In Emergic.org Rajesh Jain quotes Mathieu Balez on good god Google and the emerging scene of the computing world. Specifically he says:
You will literally no longer need any software running on your local computer (except the Google Web-browser of course, and a network connection). The computing experience will involve booting your computer, logging into the net, and having access to all your programs (and most of your data) which will reside happily in the ether - all protected and secure, we will be assured, by the good god Google.
This is a scary proposition as this entails your personal information being available to a private enterprise. This is true for most mails hosted on web servers like hotmail, gmail and many others. Google goes a step forward and scans these emails to generate revenue for that 2GB of mail storage. And personally i am okay with using gmail for my personal emails. Afterall there is little information contained in my personal mails that will hurt me if made public or otherwise. However there is a real danger of complacency kicking in. Once you make a web mail as your preferred mailing service its very easy to go ahead and use that for creating accounts for your banking transactions, and other such information that you would rather keep protected and safe somewhere with you.
But were the possibilities cited above to come alive, what then happens to all of your data.

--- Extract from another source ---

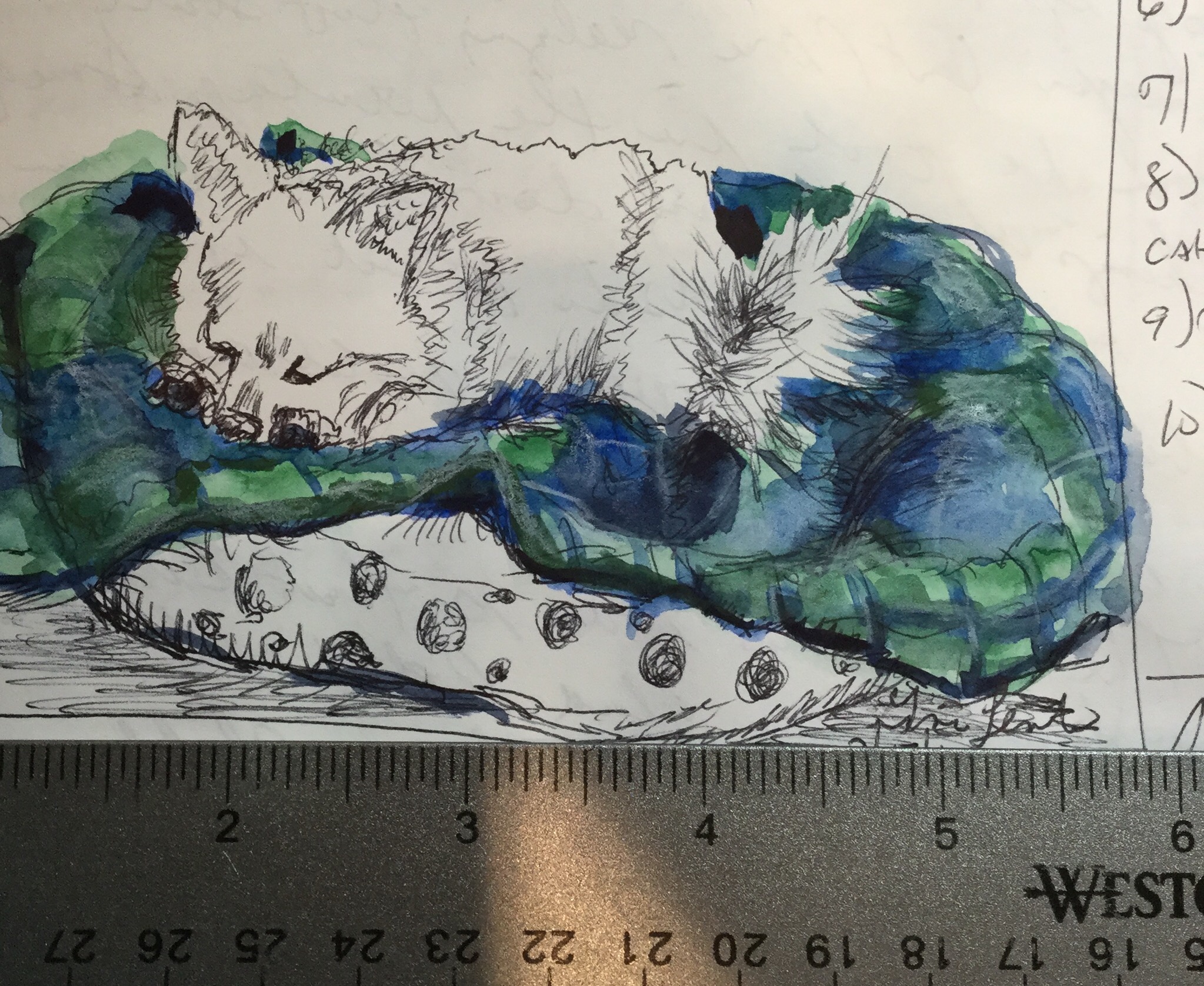 I watched the video and though to myself, “Oh, I am not going to want to do this.” Then I forced myself to do it using a sketch I did last week of Mack, my Chihuahua.
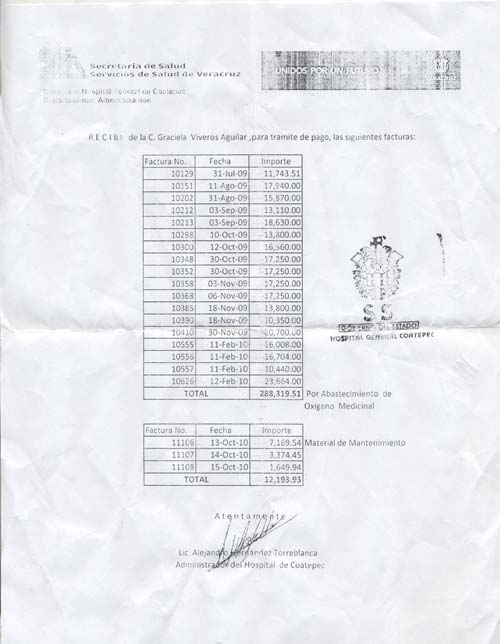 La Secretaría de Salud de Veracruz no ha tomado en cuenta el adeudo que tiene con la empresa “Prax-Air” que surtía de oxigeno al hospital de Coatepec, para que la Secretaría de Finanzas y Planeación le pague de acuerdo a lo ordenado por el Gobernador Javier Duarte de Ochoa.

All files that you keep, all pictures and everything that is personal, and would be embarassing if not downright damaging in some way or the other, were this informaiton to become public? Either through malicious intent or because some hacker was able to access your information stored in a public server; or worse still a malfunction in the security setup of this web OS.
Would you then be able to trust such an operating system and replace your existing OS with such a web based system where the security, though guaranteed, may not provide peace of mind. Guess so, after all financial transactions over the highly insecure internet has become a reality.